Re: two nasty schemata, union types and surrogate keys

From: Brian <brian_at_selzer-software.com>
Date: Mon, 5 Oct 2009 14:43:32 -0700 (PDT)
Message-ID: <4c6a3220-88be-4154-afd3-b4908819027b_at_j28g2000vbl.googlegroups.com>


On Oct 5, 1:45 pm, rp..._at_pcwin518.campus.tue.nl (rpost) wrote:
> Brian wrote:
> >> Normalization has very little to do with the semantics of the data.  If
> >> you'll look carefully at all the examples of converting from one normal form
> >> to the next higher form, you'll see that the schema before conversion and
> >> the one after conversion are equivalent in their capacity to express facts.
> >> That's important.
>
> >And it's wrong!  Normalization has everything to do with the semantics
> >of the data.  [...]
> [...]
> >In the 3NF scheme, it is possible for the fact that a supplier has a
> >particular phone number to be expressed even if the supplier doesn't
> >at present supply any parts.  Every fact that can be expressed in the
> >2NF schema can also be expressed in the 3NF scheme, but not every fact
> >in the 3NF scheme can be expressed in the 2NF schema.
>
> This is because you're dropping an inclusion dependency
> when going to the 3NF version.

The 3NF scheme has an inclusion dependency. It is the only one that is a logical consequence of the transitive functional dependency. The inclusion dependency ensures that the transitive functional dependency still holds in the join of the 3NF relations.

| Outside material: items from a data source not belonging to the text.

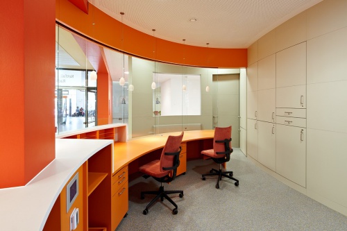 Staff now have a complete overview of the waiting area, lots of glass allows transparency but provides separation and protection. An acoustic ceiling was installed, and considerably more and better seating options were created, which also allow for quiet and retreat. The colour orange brings a smile to this often hectic place.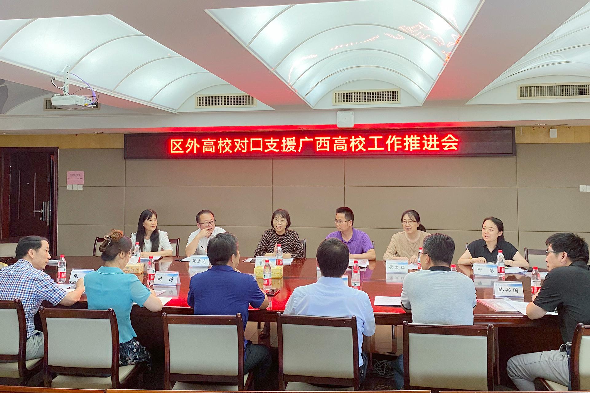 7月11日下午,区外高校对口支援广西高校工作推进会在我校金鸡岭校区勤政楼403会议室召开。自治区教育厅高教处处长李美清,我校副校长张文涛出席会议,来自区内8所高校对口支援相关工作负责人参加会议。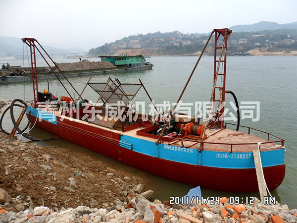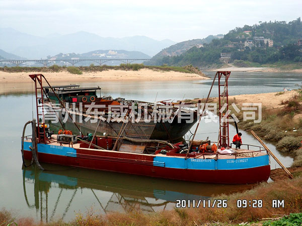 该抽沙设备主要适用于水库、河道、湖泊等宽车辆不能进入的阔水域作业,工作流程为抽沙运输船开到抽沙区域,利用抽沙船自带的抽砂系统将沙子抽进船舱,抽满船舱后运输至岸边,打开底舱门,将沙子卸到水里,再用岸边的小型抽沙机抽出并输送至码头或者直接用抽砂泵讲沙子从船舱输送至码头。该设备结构简单、工作量大、易损件少,抽出来的沙子含泥量低,无石块,沙子质量好,是近几年采沙、清淤比较常用的工具。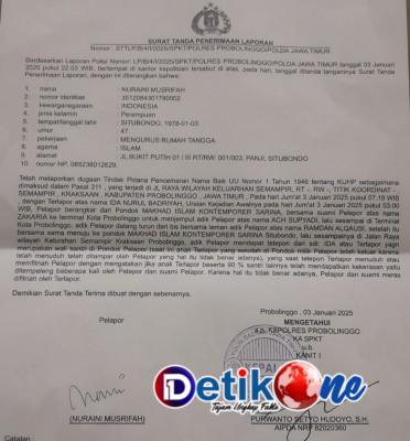 Situbondo, detik1.co.id // Merasa difitnah telah melakukan kekerasan terhadap anak terlapor beserta 90 persen santri lainnya, Nyai Nuraini Musrifah selaku istri dari Pengasuh Pondok Pesantren Makhad Islam Kontemporer Sarina, yang beralamat di Jalan Bukit Putih 01/III, Panji, Situbondo, Jawa Timur, resmi melaporkan mantan wali santri berinisial INB ke pihak kepolisian.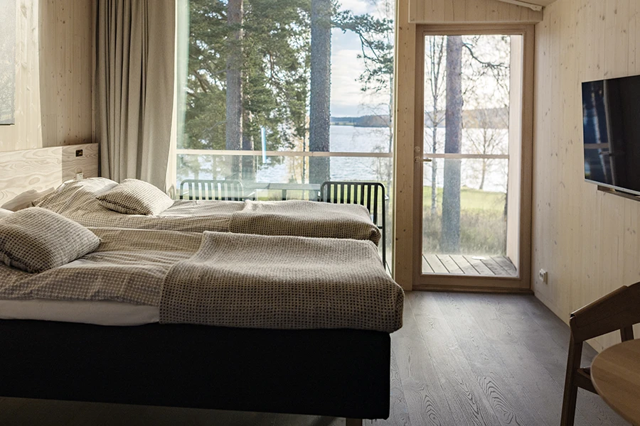 Zimmer: Das Resort besteht aus den Unterkünften Törölä, Uni Villa Studios und Uni Villa Suiten. Törölä ist ein historisches Wohnhaus aus den 1940er Jahren, das komplett renoviert und im Jahr 2023 in Betrieb genommen wurde. Es verleiht skandinavischen Charme. Die 17 modernen Doppelzimmer und das eine Familienapartment verfügen jeweils über ein Badezimmer mit Dusche und WC, einen Kühlschrank, einen Wasserkocher und einen Fernseher. Die exquisiten Uni Villa Studios (25 m²) bieten modernen Scandi-Chic und verfügen über ein Badezimmer, eine Mikrowelle, einen Wasserkocher, einen TV, WLAN und einen Blick auf den Golfplatz und die umliegende Natur. Die 40 m² großen Uni Villa Suiten sind auf höchsten Komfort und Wohlbefinden ausgelegt. Sie verfügen über ein modernes Badezimmer, eine eigene Sauna, eine Küche mit kleinem Kühlschrank, Wasserkocher, Kaffeemaschine und Klimaanlage.

> More generally, the reason you're disagreeing is that people seem to
> disagree what exactly it means to normalize or denormalize: they agree
> on what happens to the table structure, but not on what happens to
> constraints.  E.g. the Wikipedia articles on this subject are
> sorely lacking on this matter.
>

I can definitely agree with that.

> >> Contrary to popular belief, adding a surrogate key to each table does not
> >> change the level of normalization of a schema.  Candidate keys remain
> >> candidate keys after a surrogate has been added and declared the primary
> >> key.  I'm not sure, but I think you're asserting the opposite above.
>
> [...]
>
> >> How do you know that there are two sets of cars owned,  with each set owned
> >> by a different person,  instead of one set consisting of two cars and with
> >> one owner?  Is that fact expressed in the database?  How?
>
> >If you add a surrogate, then the fact that the surrogates are
> >different is sufficient to determine that there is more than one
> >person.
>
> Tuples don't represent objects, but statements of fact.

Tuples don't /directly/ represent objects, but given a ground atom, Pabc, what are the symbols a, b and c? They're individual constants, and under an interpetation they represent objects. Moreover, since every relation has a key, the ground atoms represented really must be of a form similar to, Q(f(a,b),c), where f is a function that maps combinations of objects into the universe of discourse. Under an interpretation, the function application, f(a,b) becomes the object mapped so that the formula Q(f(a,b),c) states information about that particular object. Keys, therefore, render your assertion oversimplistic, since every instance of a key maps to an object in the universe of discourse. Even in a relation that has more than one key, there is always a superkey that includes all prime attributes and represents the aggregate of the objects represented by the key instances, which is also an object.

> Different statements about persons may need to be recorded in situations
> where it is not known whether they pertain to the same person.
> E.g. in some kind of observation database (say, incident reporting
> on traffic) this may be necessary.  Doing so doesn't violate
> the closed world assumption.
>

I don't know what you're getting at here.

> --
> Reinier
Received on Mon Oct 05 2009 - 23:43:32 CEST

Original text of this message